→ WHAT TO WORK ON:
The whole listing is to be written out again exactly; the pictures are not.
** DATA BLOCK follows **
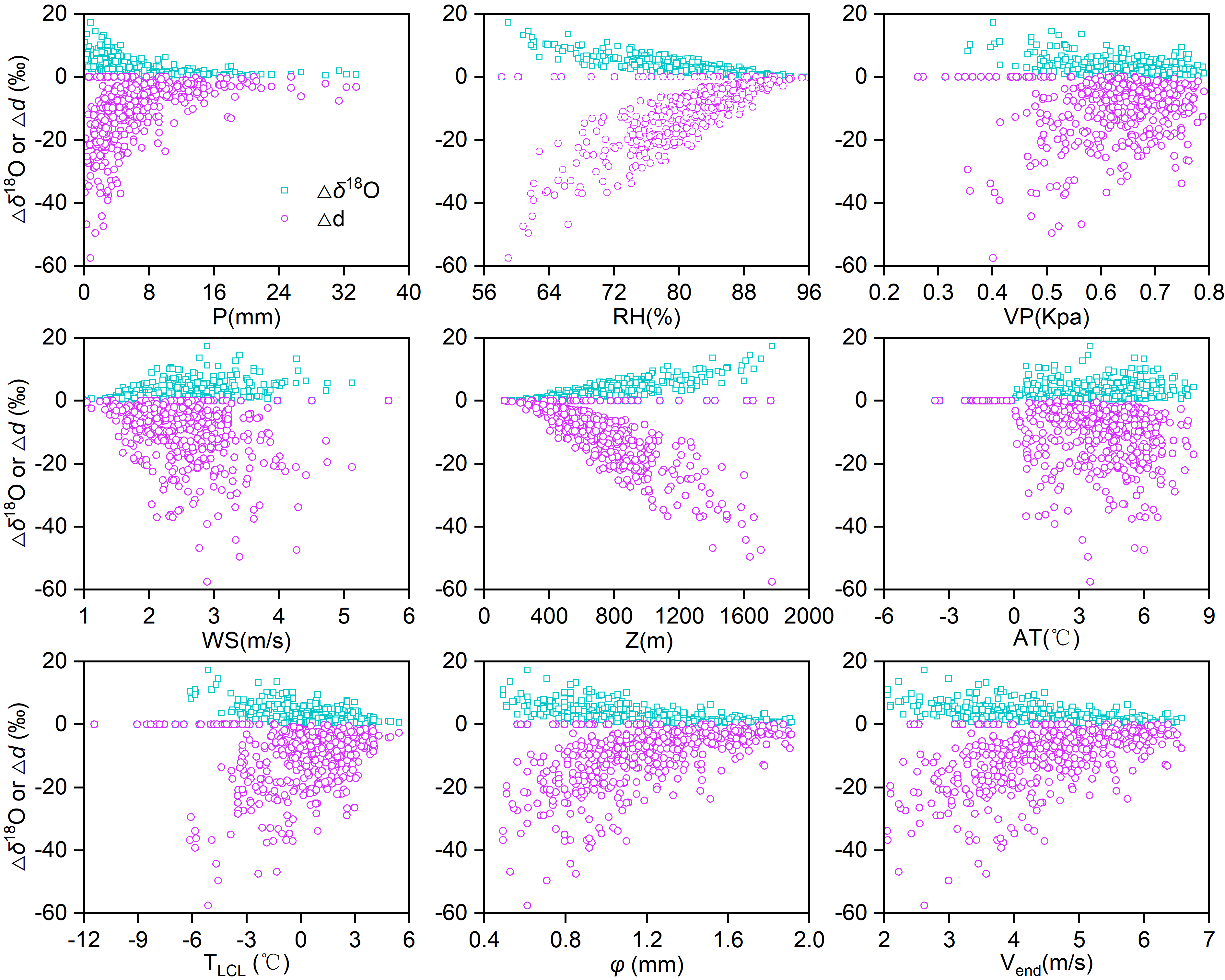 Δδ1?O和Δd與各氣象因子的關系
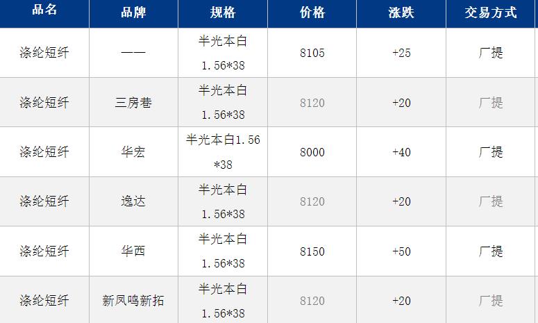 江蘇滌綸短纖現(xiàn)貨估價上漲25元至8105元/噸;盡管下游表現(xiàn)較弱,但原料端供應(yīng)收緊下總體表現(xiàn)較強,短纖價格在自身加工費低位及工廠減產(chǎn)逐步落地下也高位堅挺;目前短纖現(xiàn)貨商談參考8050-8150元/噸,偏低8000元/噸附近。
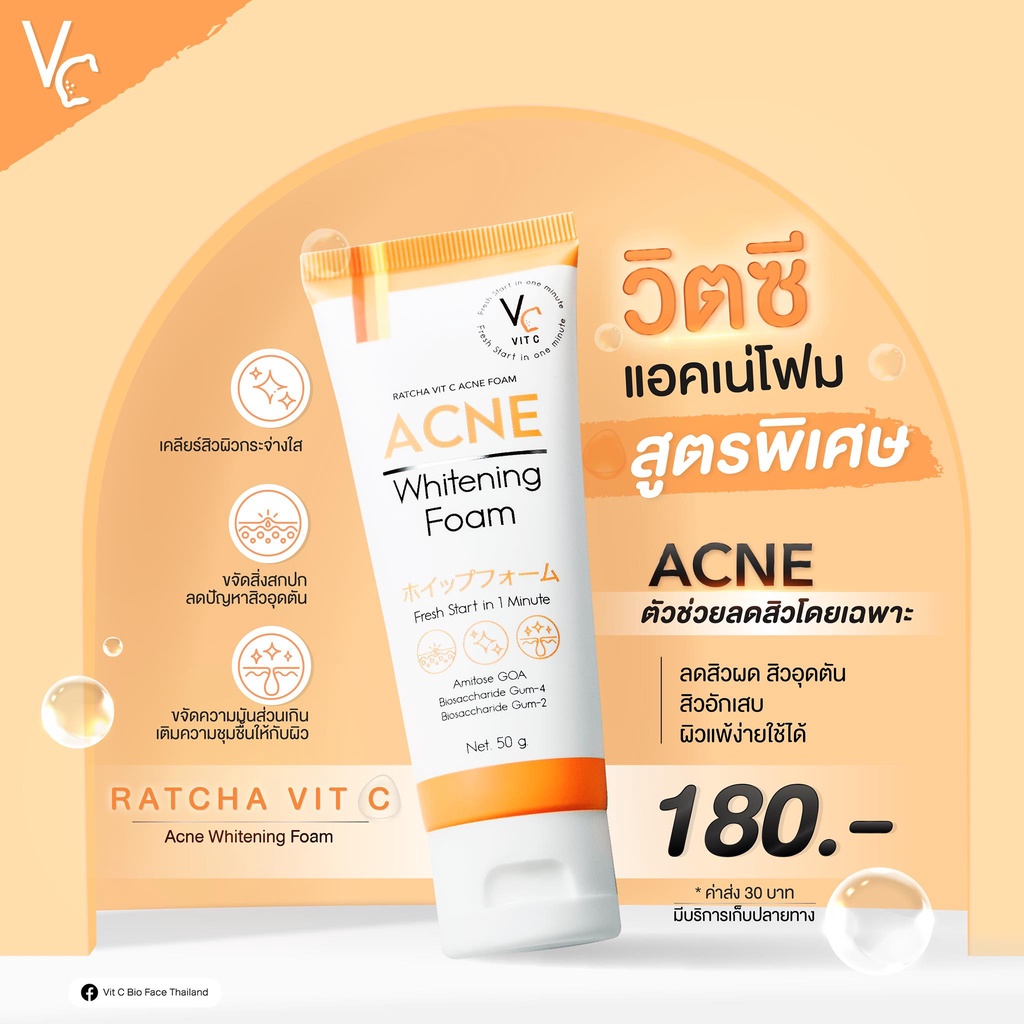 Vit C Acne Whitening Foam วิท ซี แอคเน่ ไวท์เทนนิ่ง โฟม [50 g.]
** End of DATA BLOCK **
→ SOLUTION TO THE EXERCISE:
 Δδ1?O和Δd與各氣象因子的關系
 江蘇滌綸短纖現(xiàn)貨估價上漲25元至8105元/噸;盡管下游表現(xiàn)較弱,但原料端供應(yīng)收緊下總體表現(xiàn)較強,短纖價格在自身加工費低位及工廠減產(chǎn)逐步落地下也高位堅挺;目前短纖現(xiàn)貨商談參考8050-8150元/噸,偏低8000元/噸附近。
 Vit C Acne Whitening Foam วิท ซี แอคเน่ ไวท์เทนนิ่ง โฟม [50 g.]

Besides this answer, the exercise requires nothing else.